LRG is involved in cell proliferation and immune response, in cell migration, neovascularization and apoptosis. It is a proangiogenic factor which is involved in the regulation of the TGFβ signaling pathway. Up-regulation of LRG is described in response to acute phase response in hepatocytes.
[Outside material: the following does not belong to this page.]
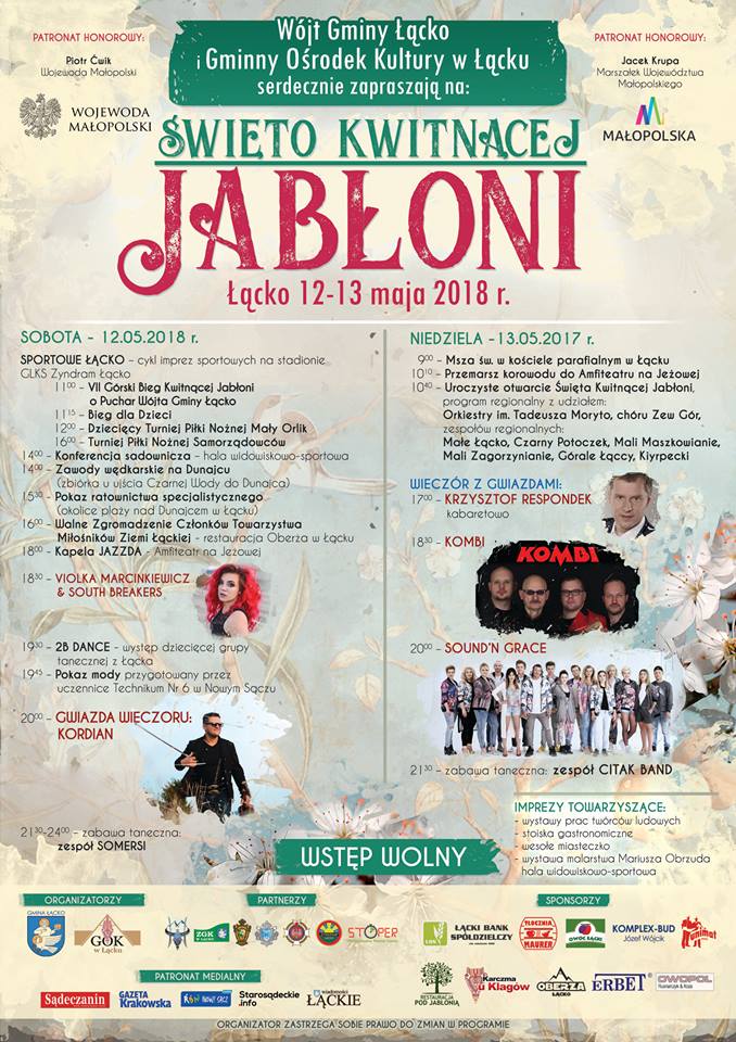 Wójt Gminy Łącko i Gminny Ośrodek Kultury w Łącku serdecznie zapraszają na Święto Kwitnącej Jabłoni, imprezę o najdłuższej tradycji w Małopolsce. Świętowanie potrwa dwa dni: 12-13 maja.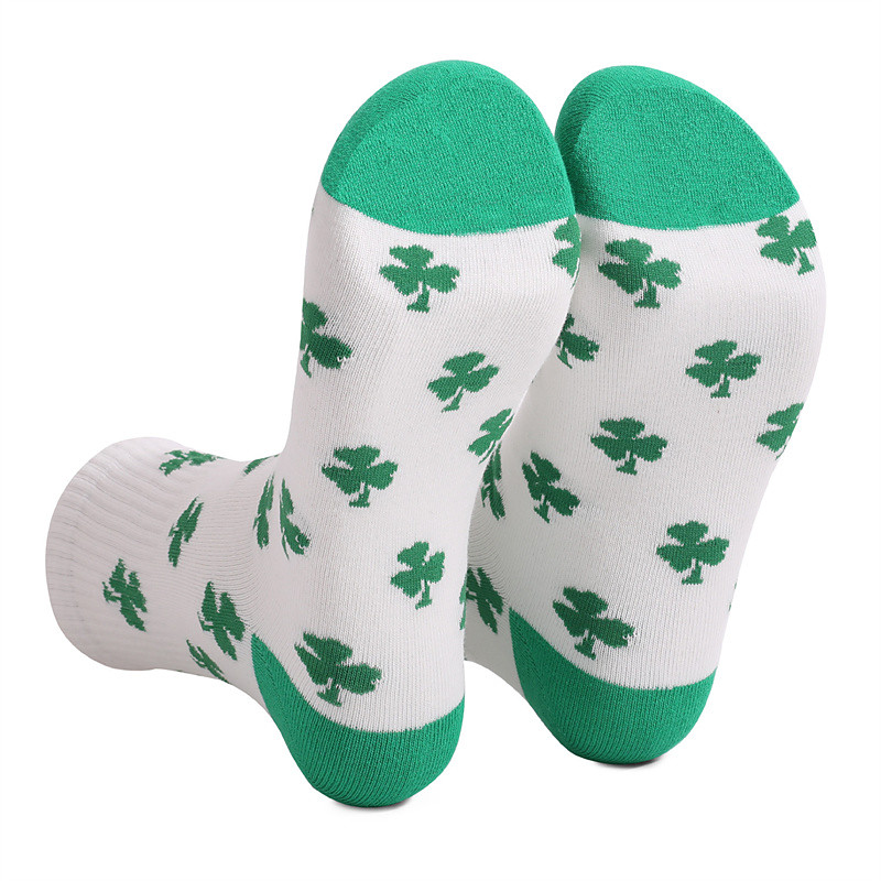Men's 1 Pair Socks Running Socks Casual Socks Black White Color Four Leaf Clover Striped Outdoor Vacation Daily Wear Medium All Seasons Casual St. Patrick's Day

LRG is potentially a biomarker for a variety of diseases e.g. as inflammatory biomarker for autoimmune diseases such as rheumatoid arthritis and inflammatory bowel disease. Numerous groups have shown that LRG is increased in various immune-related diseases such as psoriasis, juvenile idiopathic arthritis, Kawasaki disease, appendicitis, and cancers, indicating that LRG elevation is not only limited to autoimmune diseases. In addition, LRG may serve as a biomarker for several other disease conditions such as heart failure, and diabetes-related complications. Plasma Leucine-Rich α-2-Glycoprotein has also been demonstrated to predict cardiovascular disease risk in end-stage renal disease. Leucine-rich α-2-glycoprotein is highly expressed in the brain and it is possible to distinguish idiopathic normal pressure hydrocephalus (iNPH) from other neurodegenerative diseases such as Alzheimer disease by measuring LRG in cerebrospinal fluid.